### The problem
Begin with the line below holding "3、 在更多服务页面的信贷服务里,选择精彩贷即可查看详情。" and go on through the line holding "1、进入游戏,操控戴皇冠角色", duplicating each line exactly and leaving out pictures.

### Excerpted data

++++++++

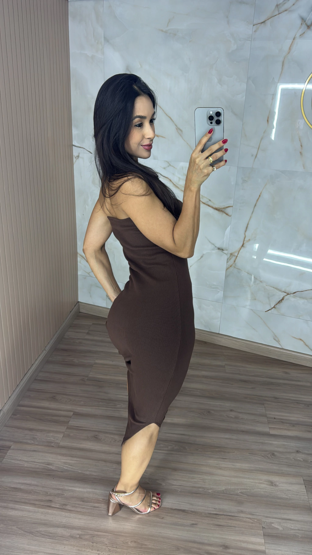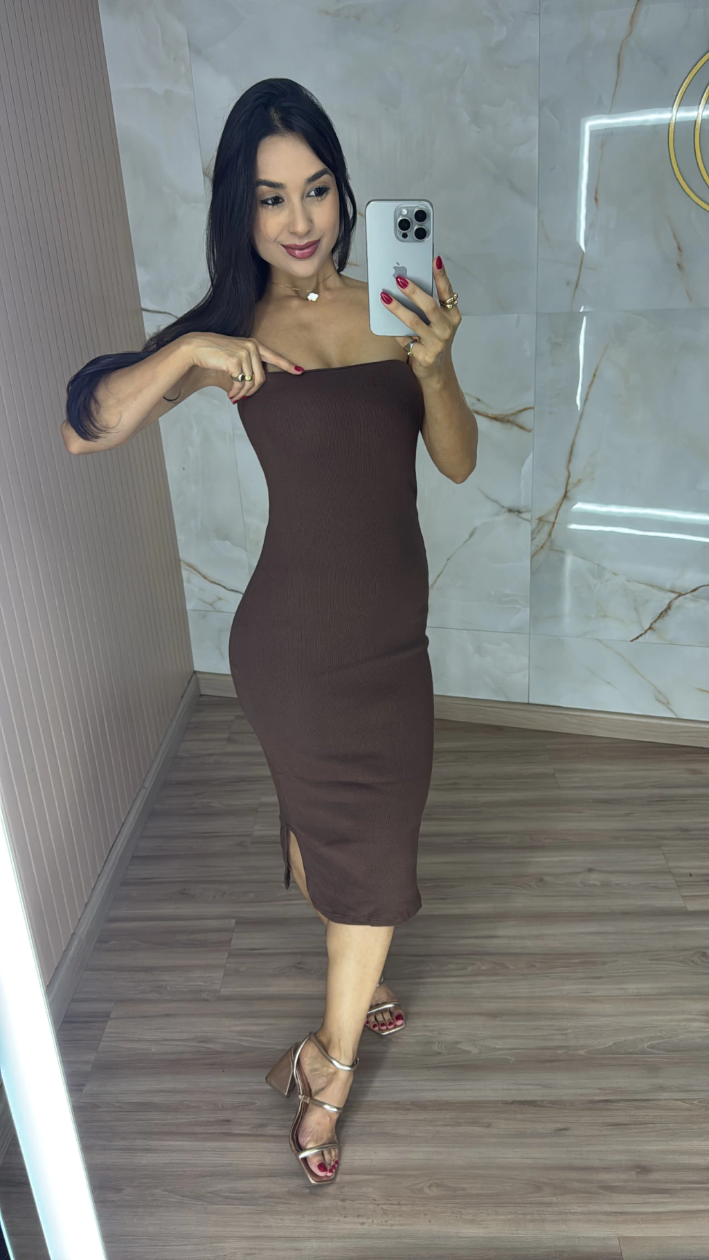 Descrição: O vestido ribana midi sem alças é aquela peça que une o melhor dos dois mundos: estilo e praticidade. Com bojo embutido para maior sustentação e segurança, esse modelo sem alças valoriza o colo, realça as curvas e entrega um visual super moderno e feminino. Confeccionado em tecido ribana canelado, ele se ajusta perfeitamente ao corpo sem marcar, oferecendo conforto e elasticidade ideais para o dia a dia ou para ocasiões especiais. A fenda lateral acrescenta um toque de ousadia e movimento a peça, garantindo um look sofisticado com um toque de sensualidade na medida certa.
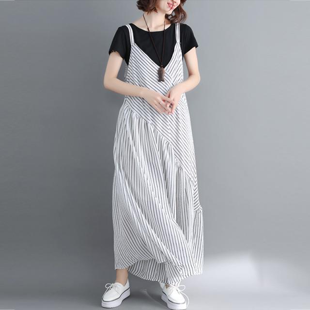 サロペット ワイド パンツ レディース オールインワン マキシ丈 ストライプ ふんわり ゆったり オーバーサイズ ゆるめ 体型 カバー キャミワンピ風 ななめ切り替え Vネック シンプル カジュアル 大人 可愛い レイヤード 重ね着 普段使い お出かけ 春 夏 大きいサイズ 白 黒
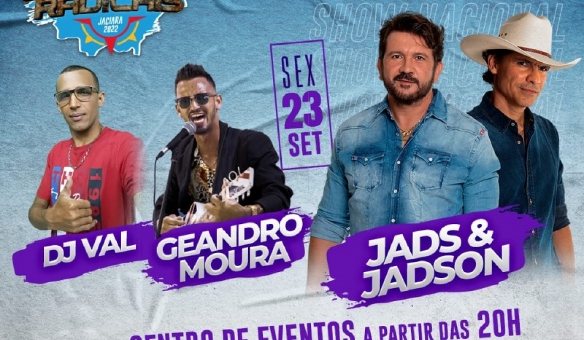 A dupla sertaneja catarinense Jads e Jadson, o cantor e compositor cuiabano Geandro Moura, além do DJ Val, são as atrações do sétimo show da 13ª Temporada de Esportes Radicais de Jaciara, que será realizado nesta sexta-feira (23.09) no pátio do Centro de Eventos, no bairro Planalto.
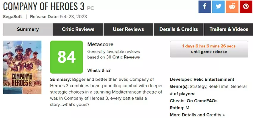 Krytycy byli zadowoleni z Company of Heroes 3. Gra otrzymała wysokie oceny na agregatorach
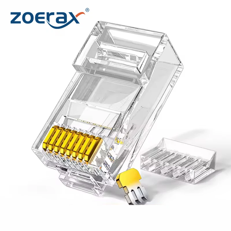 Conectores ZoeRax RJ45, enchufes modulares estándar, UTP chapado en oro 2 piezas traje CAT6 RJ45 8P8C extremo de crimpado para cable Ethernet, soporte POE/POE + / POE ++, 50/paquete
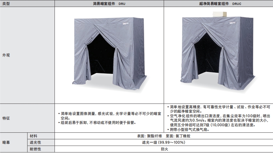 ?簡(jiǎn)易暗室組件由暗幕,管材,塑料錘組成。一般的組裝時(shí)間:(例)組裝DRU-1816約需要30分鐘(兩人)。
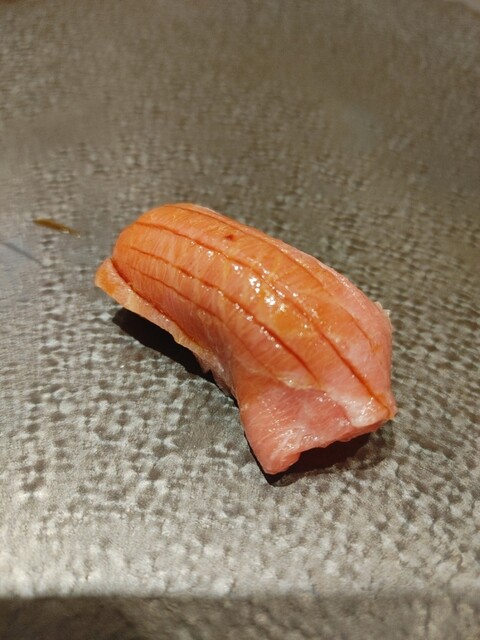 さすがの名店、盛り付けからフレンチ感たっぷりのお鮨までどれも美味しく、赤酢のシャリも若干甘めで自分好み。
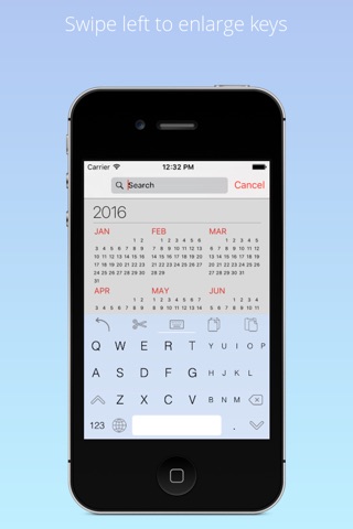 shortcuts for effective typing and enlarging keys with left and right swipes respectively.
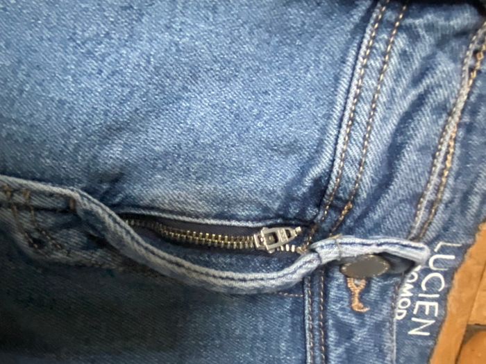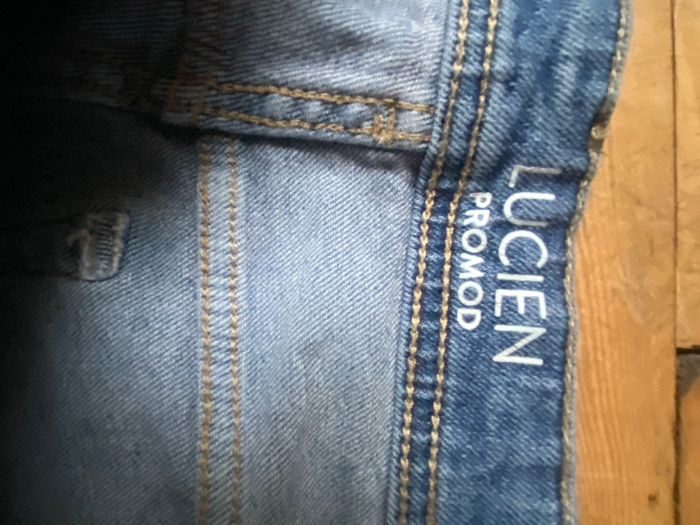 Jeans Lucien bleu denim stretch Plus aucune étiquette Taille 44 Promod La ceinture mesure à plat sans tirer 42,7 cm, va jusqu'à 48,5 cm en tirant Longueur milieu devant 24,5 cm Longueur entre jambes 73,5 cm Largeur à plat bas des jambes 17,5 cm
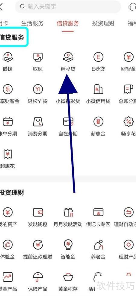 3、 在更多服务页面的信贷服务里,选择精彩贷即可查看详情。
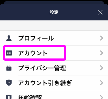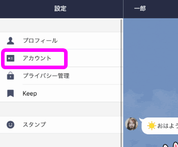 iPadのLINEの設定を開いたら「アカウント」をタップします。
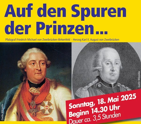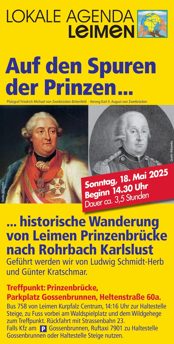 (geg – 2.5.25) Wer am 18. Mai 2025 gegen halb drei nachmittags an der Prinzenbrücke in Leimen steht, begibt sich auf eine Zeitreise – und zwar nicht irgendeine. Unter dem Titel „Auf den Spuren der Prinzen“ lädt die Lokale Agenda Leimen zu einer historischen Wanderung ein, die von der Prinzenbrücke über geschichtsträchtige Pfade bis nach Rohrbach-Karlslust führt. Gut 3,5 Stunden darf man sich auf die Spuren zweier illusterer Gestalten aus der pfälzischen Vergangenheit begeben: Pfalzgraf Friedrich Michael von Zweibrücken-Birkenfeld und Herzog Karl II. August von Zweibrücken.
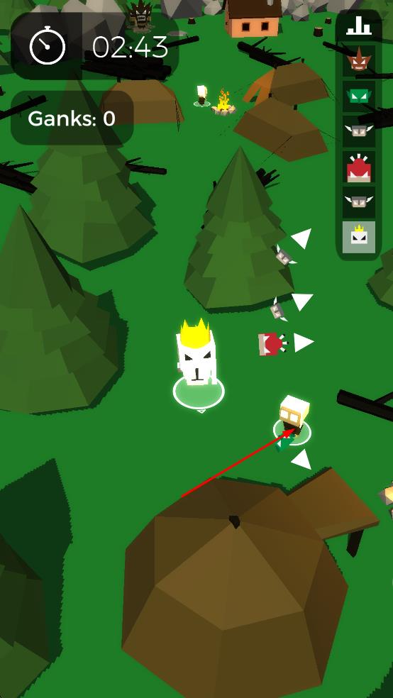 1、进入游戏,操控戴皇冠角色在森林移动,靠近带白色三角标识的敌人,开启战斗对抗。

++++++++

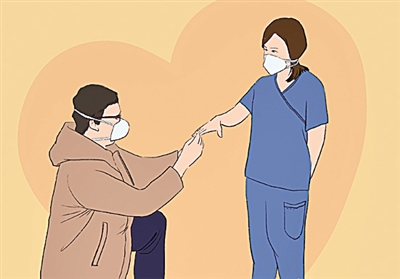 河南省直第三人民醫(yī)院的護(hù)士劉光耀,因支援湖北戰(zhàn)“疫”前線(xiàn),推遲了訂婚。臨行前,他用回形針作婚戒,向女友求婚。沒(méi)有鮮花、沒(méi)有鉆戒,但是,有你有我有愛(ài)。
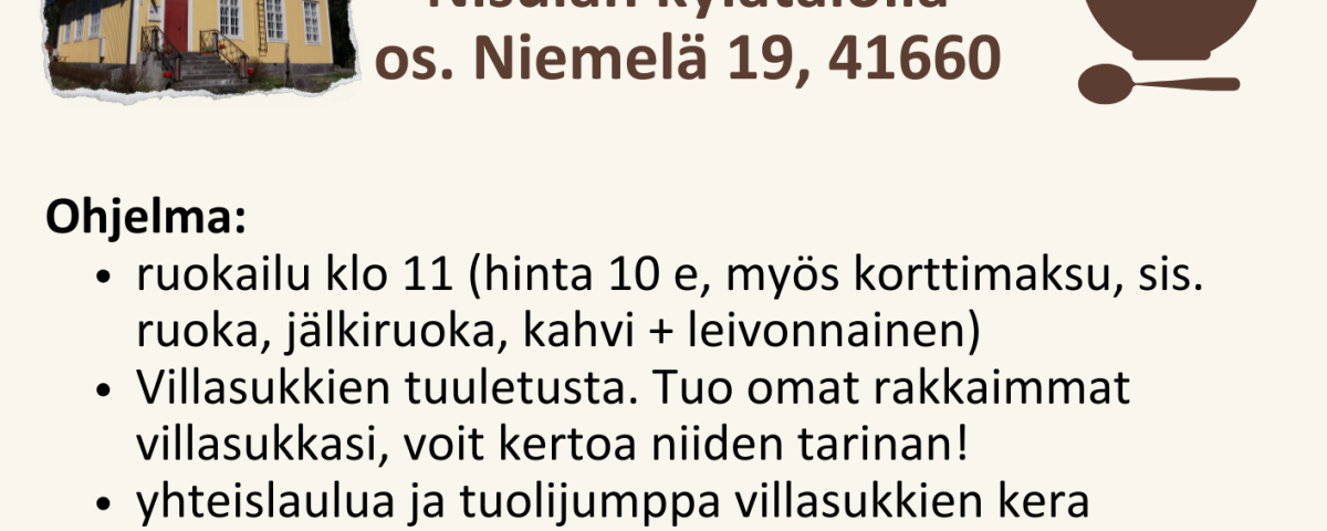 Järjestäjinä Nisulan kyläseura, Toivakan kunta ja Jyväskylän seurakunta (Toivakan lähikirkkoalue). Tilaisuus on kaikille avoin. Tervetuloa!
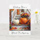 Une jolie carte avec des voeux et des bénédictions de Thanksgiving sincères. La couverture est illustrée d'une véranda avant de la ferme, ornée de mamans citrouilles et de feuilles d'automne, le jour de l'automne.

++++++++

### Response area
 3、 在更多服务页面的信贷服务里,选择精彩贷即可查看详情。
 iPadのLINEの設定を開いたら「アカウント」をタップします。
 (geg – 2.5.25) Wer am 18. Mai 2025 gegen halb drei nachmittags an der Prinzenbrücke in Leimen steht, begibt sich auf eine Zeitreise – und zwar nicht irgendeine. Unter dem Titel „Auf den Spuren der Prinzen“ lädt die Lokale Agenda Leimen zu einer historischen Wanderung ein, die von der Prinzenbrücke über geschichtsträchtige Pfade bis nach Rohrbach-Karlslust führt. Gut 3,5 Stunden darf man sich auf die Spuren zweier illusterer Gestalten aus der pfälzischen Vergangenheit begeben: Pfalzgraf Friedrich Michael von Zweibrücken-Birkenfeld und Herzog Karl II. August von Zweibrücken.
 1、进入游戏,操控戴皇冠角色在森林移动,靠近带白色三角标识的敌人,开启战斗对抗。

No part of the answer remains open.